Para o defensor público do caso, José Aníbal de Carvalho Azevedo, “seria muito importante nestes tipos de episódios, que o Ministério Público, ao receber os autos do Inquérito Policial já antecipadamente se manifestasse pela aplicação do princípio da insignificância, sem necessidade de instauração e desenvolvimento de processo criminal”. Após pedido escrito formulado pela Defensoria eles tiveram a liberdade provisória concedida.
Ele destaca a necessidade de olhar para a máquina da Justiça, bem como para a vida de cada cidadão acusado injustamente ou por coisas com baixo valor. “Cada processo criminal, mesmo que um só, quando passa a tramitar na unidade judiciária demanda expedientes e a movimentação de todo o sistema de justiça penal e seus diversos agentes, onerando o custo do serviço, além de ocupar tempo inutilmente, pois o Poder Judiciário não deve ocupar-se de miudezas”, sentencia José Aníbal, atuante na 1ª Defensoria Criminal de Crato.

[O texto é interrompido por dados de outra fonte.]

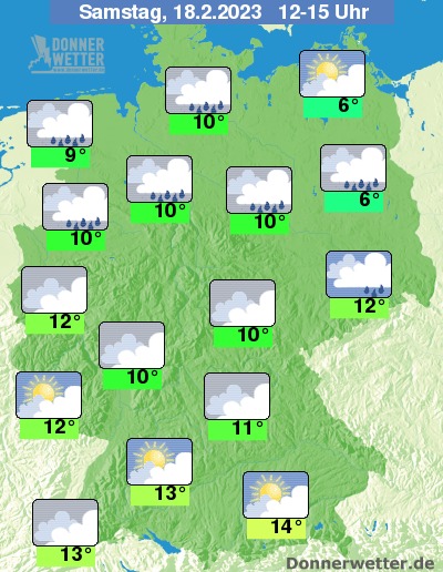 Heute Nachmittag bleibt es über der Südhälfte Deutschlands weitgehend trocken und südlich des Mains kann sich auch des Öfteren die Sonne zeigen. Weiter nach Norden bleibt es dagegen bedeckt und es fällt vielerorts Regen. Die Temperatur liegt bei 6 Grad an der Müritz und 14 Grad in Oberbayern. Es weht weiterhin ein häufig starker und zum Teil auch stürmischer Wind.
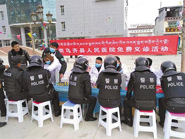 圖為類烏齊縣人民醫(yī)院醫(yī)護人員為一線執(zhí)勤公安干警進行免費義診現(xiàn)場。
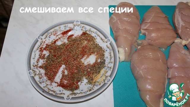 Посыпаем специями грудки.
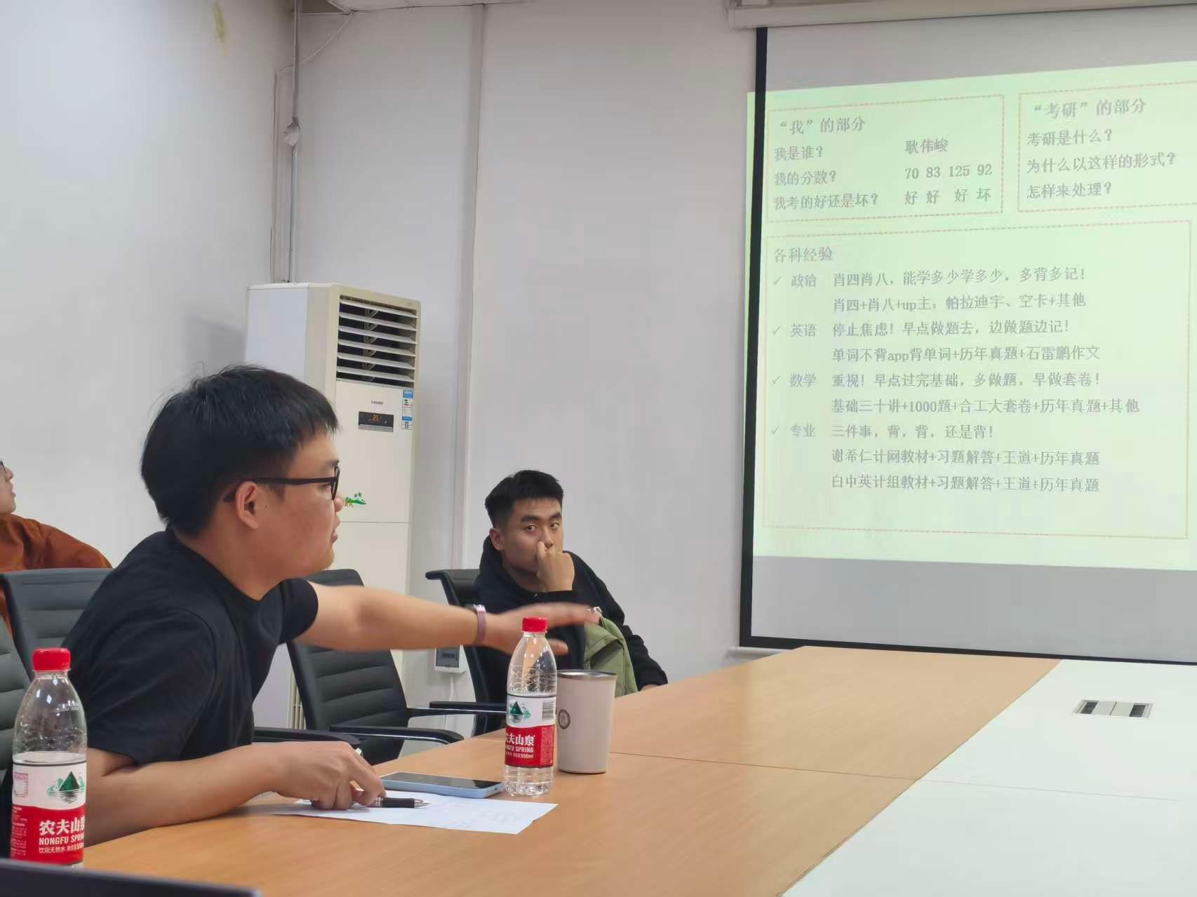 耿伟峻则以幽默风趣的讲述分享了应试思维与考场心态的经验,同时穿插轻松小故事,让大家在紧张复习中保持良好心态。他提到,考研是一场选拔性考试,旨在检验知识广度,因此需要用应试思维高效复习。此外,耿伟峻还提醒大家要避免沉迷擅长领域或浪费时间,保持规律作息,积极参与模拟考试并进行复盘,找搭子互助,同时保持自信。
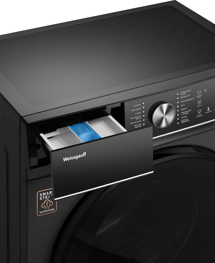 | Программы (полное описание) | Хлопок, Экостирка, Спорт, Постельное белье, Деликатная, Детская одежда, Турбо стирка, Стирка с паром, Смешанные ткани, Быстрая 15', Быстрая 42', 20 °C, Шерсть, Полоскание+ отжим, Отжим, Очистка барабана |
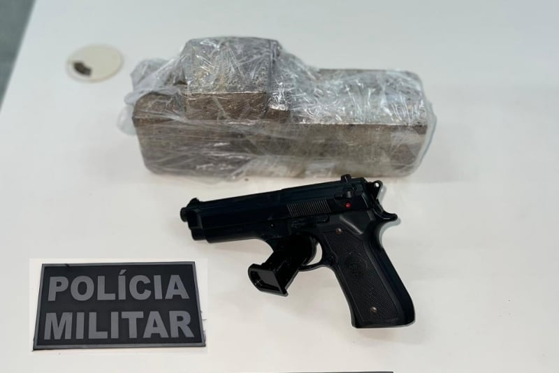 Na varredura minuciosa efetuada no local onde os suspeitos estavam, os militares encontraram uma bolsa de cor preta. Dentro da bolsa, foram localizados um simulacro de arma de fogo e 1,9 kg de maconha.
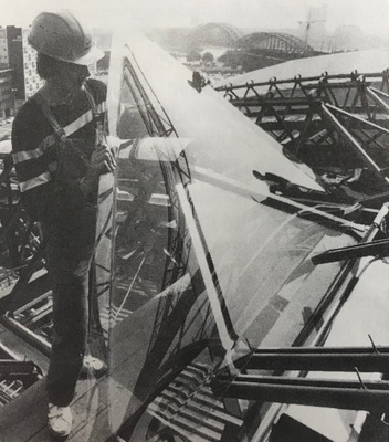 Glasbrüche waren in all den Jahren aufgrund der unterschiedlichen Temperatur-Bewegungen von Glas, Draht und Stahl in unschöner Regelmäßigkeit aufgetreten. Diese Zeiten sollten nun auch mit der neuen Bedachung der Vergangenheit angehören, der neue Werkstoff sich besser auf die Bewegungen der Unterkonstruktion einstellen.
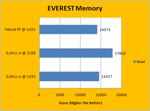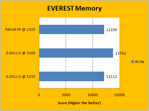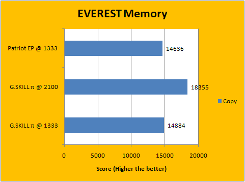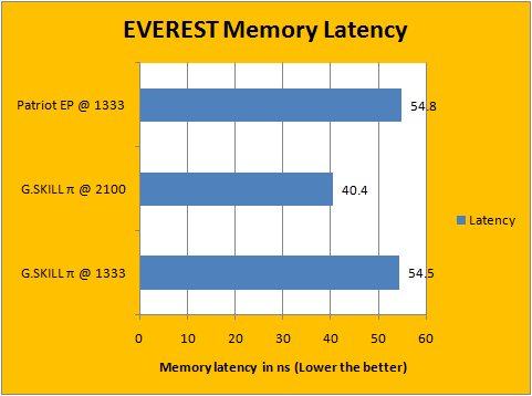 Here is where the G.SKILL F3-17600CL7D-4GBPIS 2x2GB dual channel kit posted significant gains at full throttle, even with the 2.6% increased clock speed advantage from the CPU standardized in mind. A gain of 22.4%, 13.5%, and 23.3% over the same pair of memory at DDR3-1333, in conjunction with the CPU's 210MHz base clock, is recorded and displayed on our charts above for read, write, and copy results, respectively -- significantly more than the compensated CPU clock speed is able to provide. The higher memory bandwidth between the processor and memory contributed significantly to our synthetic memory benchmarks displayed above. Tested memory latency of G.SKILL's F3-17600CL7D-4GBPIS from EVEREST is 54.5ns at DDR3-1333 BLCK 133, as compared to 40.4ns at DDR-2100 BLCK 210.
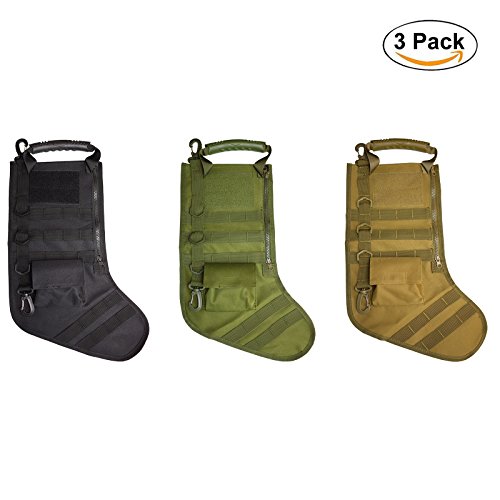 Set of 3 Tactical 20 inch Christmas Stockings for Man with Molle Gear - Black, Od Green, Khaki

O primeiro passo de qualquer pessoa detida deve ser o de comunicar-se com familiares em busca de assistência jurídica e permanecer em silêncio na Delegacia. Acessando a defesa, é dela a responsabilidade de provocar o judiciário, alegando o princípio da insignificância. “Em caso de prisão em flagrante, quando se trata de pessoa hipossuficiente, a prisão é comunicada em 24 horas à DPCE, que se manifesta pela concessão de liberdade provisória à pessoa flagrada, podendo caso seja mais adiante desencadeada ação penal, pleitear a absolvição sumária do acusado ao ofertar ao juízo criminal a peça de resposta à acusação, sem necessidade de maiores e inúteis delongas”, finaliza José Aníbal.
O chamado “furto por necessidade”, definido quando uma pessoa, em situação de extrema pobreza, subtrai (furta) para saciar a fome ou necessidade básica sua ou da família está em discussão no Congresso Nacional por meio do Projeto de Lei 4540/21, que pretende alterar e balizar estas condutas retirando a tipicidade penal. “Quando o agente, ainda que reincidente, pratica o fato nas situações caracterizadas como furto por necessidade e furto insignificante, sem prejuízo da responsabilização civil”, diz o projeto. Ainda que polêmico, é um debate importante a ser travado para que muitos Joãos, Marias, Josés não sejam responsabilizados criminalmente por precisar comer ou por objetos de valia insignificante.
Neste domingo, dia 20, Dia da Justiça Social, é prudente refletir em quantas desigualdades sociais estão à nossa volta. Segundo dados divulgados recentemente pela Rede Brasileira de Pesquisa em Soberania e Segurança Alimentar e Nutricional (Rede Pensam), no Brasil tem pelo menos 19 milhões de pessoas passando fome e 55% das famílias estão em insegurança alimentar.
“Ter um botijão de gás a R$ 120 é muito grave. O quilo do feijão e arroz a R$ 9 em algumas capitais. O preço absurdo do quilo da carne. Em 1974, foi feito o primeiro estudo nacional de despesa familiar. Lá, foi demonstrado uma situação de fome desse nível que estamos vendo agora. Famílias faziam sopa de papelão pelo país. Nós estamos vendo isso agora. Nunca passamos por uma situação tão seria”, afirmou Sandra Chaves, disse vice-coordenadora da Rede Penssan, em entrevista à CNN. Para ela, “nunca passamos por situação tão séria”.